-- Opening Marker --
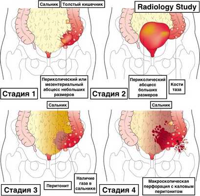 - Стадия II: крупный абсцесс в тазу или ретроперитонеальный.
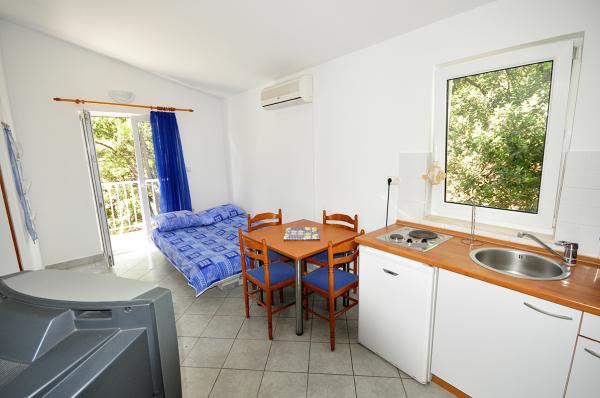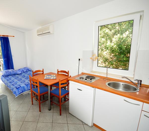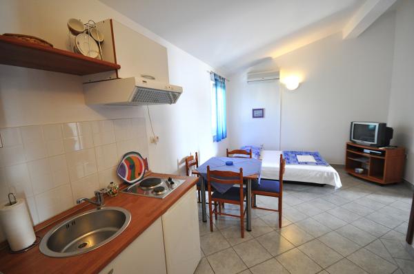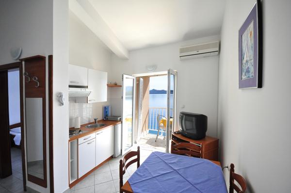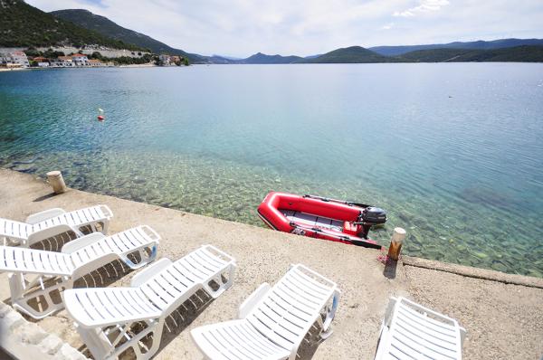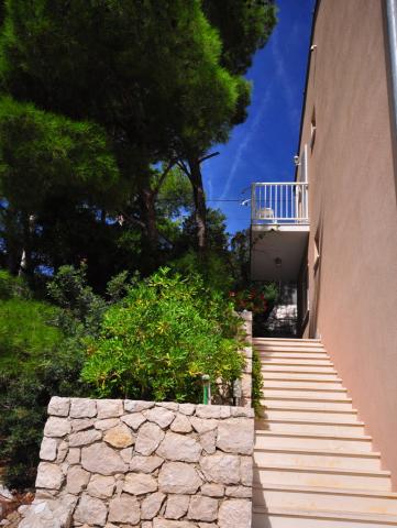 Dobrodošli na Villa Vinko, nastanitev le 10 metrov od morja, kjer lahko uživate v pogledu in poslušanje sproščujoče zvokih morja iz svojega balkona. Naših šest apartmaji so idealni za skupine ljudi, pare in družine z otroki in tiste, ki želijo uživati na pomolu pred vhodom v stanovanje ali v veliki prodnati plaži, ki se nahaja le 60 metrov stran. Stanovanje od 32 m2, imate na voljo popolnoma opremljeno kuhinjo, klimatiziran dnevni prostor z zakonsko posteljo in TV / SAT vključena v ceno, kopalnica s tušem, spalnica z zakonsko posteljo in balkon s pogledom na morje in plažo. Hiša je obdana z borovci in oleandri.
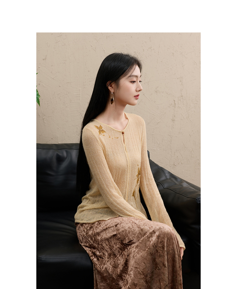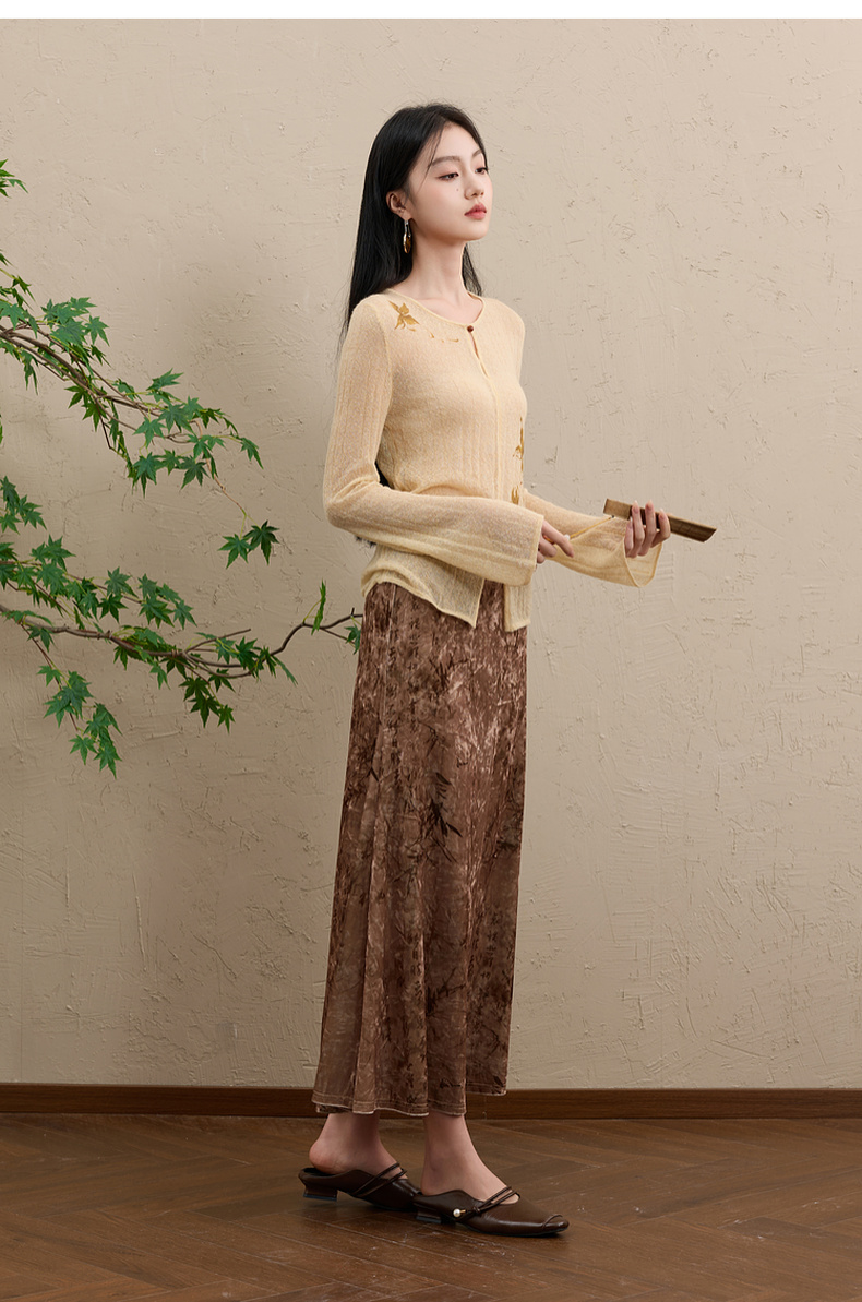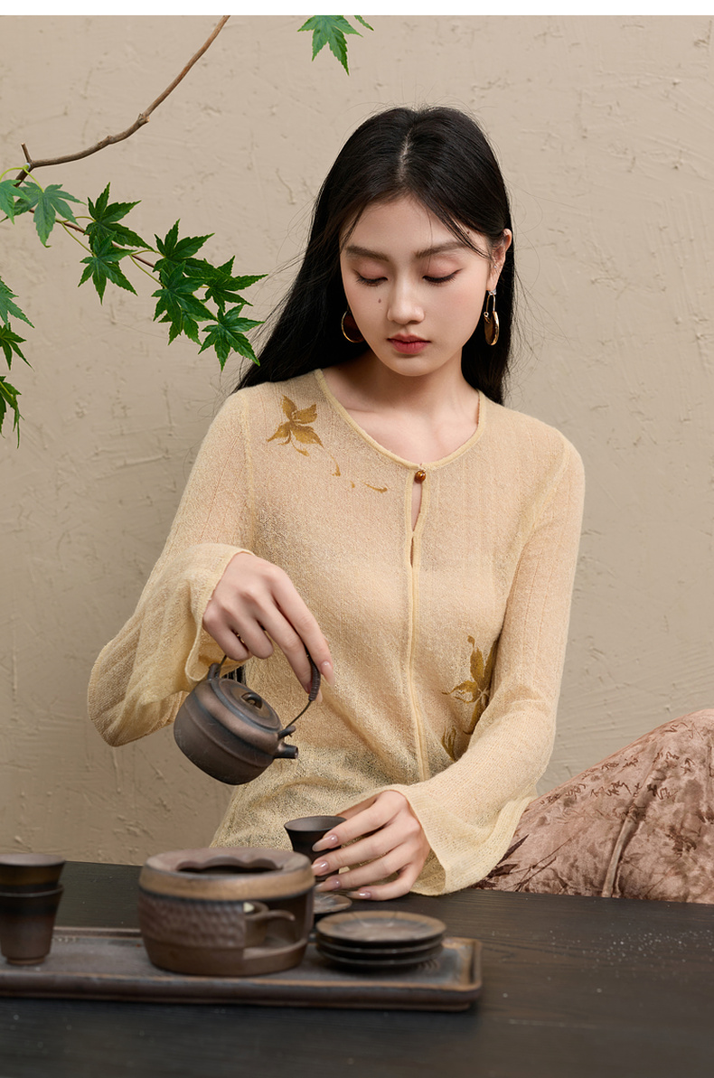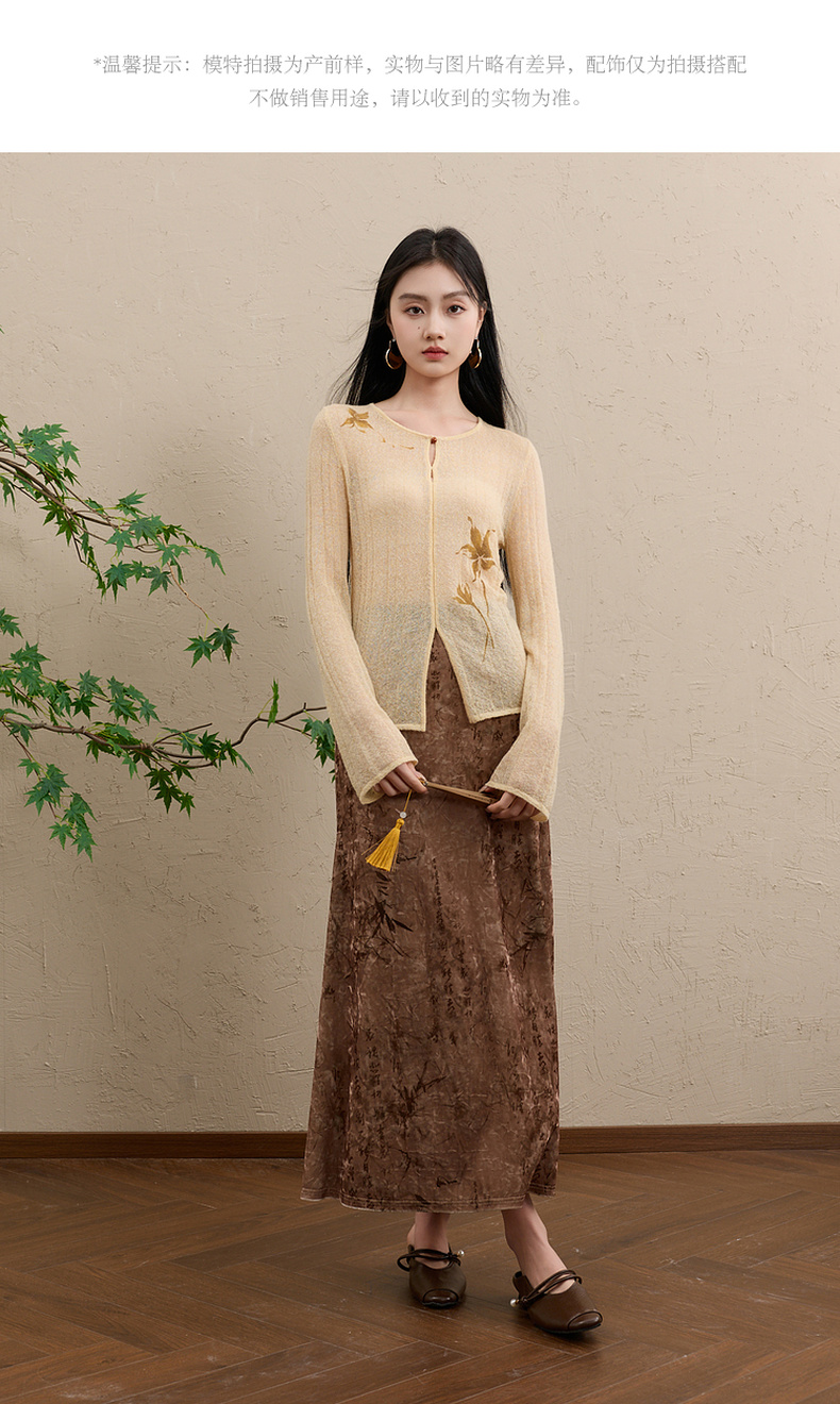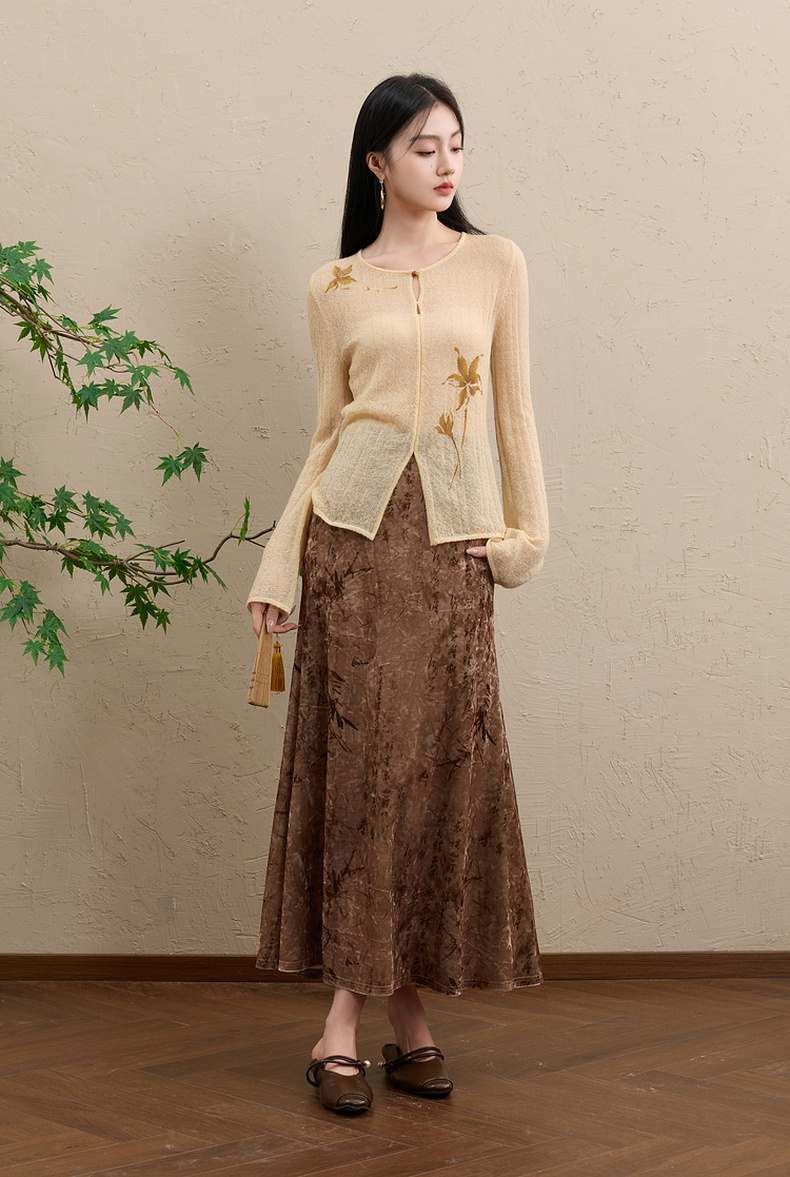 三彩【顾盼生辉】2025冬季新款修身针织衫镂空开叉毛衫C
-- Closing Marker --
_Problem statement:_
Retype the listing exactly. Pictures do not belong in the copy.

_Exercise solution:_
 - Стадия II: крупный абсцесс в тазу или ретроперитонеальный.
 Dobrodošli na Villa Vinko, nastanitev le 10 metrov od morja, kjer lahko uživate v pogledu in poslušanje sproščujoče zvokih morja iz svojega balkona. Naših šest apartmaji so idealni za skupine ljudi, pare in družine z otroki in tiste, ki želijo uživati na pomolu pred vhodom v stanovanje ali v veliki prodnati plaži, ki se nahaja le 60 metrov stran. Stanovanje od 32 m2, imate na voljo popolnoma opremljeno kuhinjo, klimatiziran dnevni prostor z zakonsko posteljo in TV / SAT vključena v ceno, kopalnica s tušem, spalnica z zakonsko posteljo in balkon s pogledom na morje in plažo. Hiša je obdana z borovci in oleandri.
 三彩【顾盼生辉】2025冬季新款修身针织衫镂空开叉毛衫C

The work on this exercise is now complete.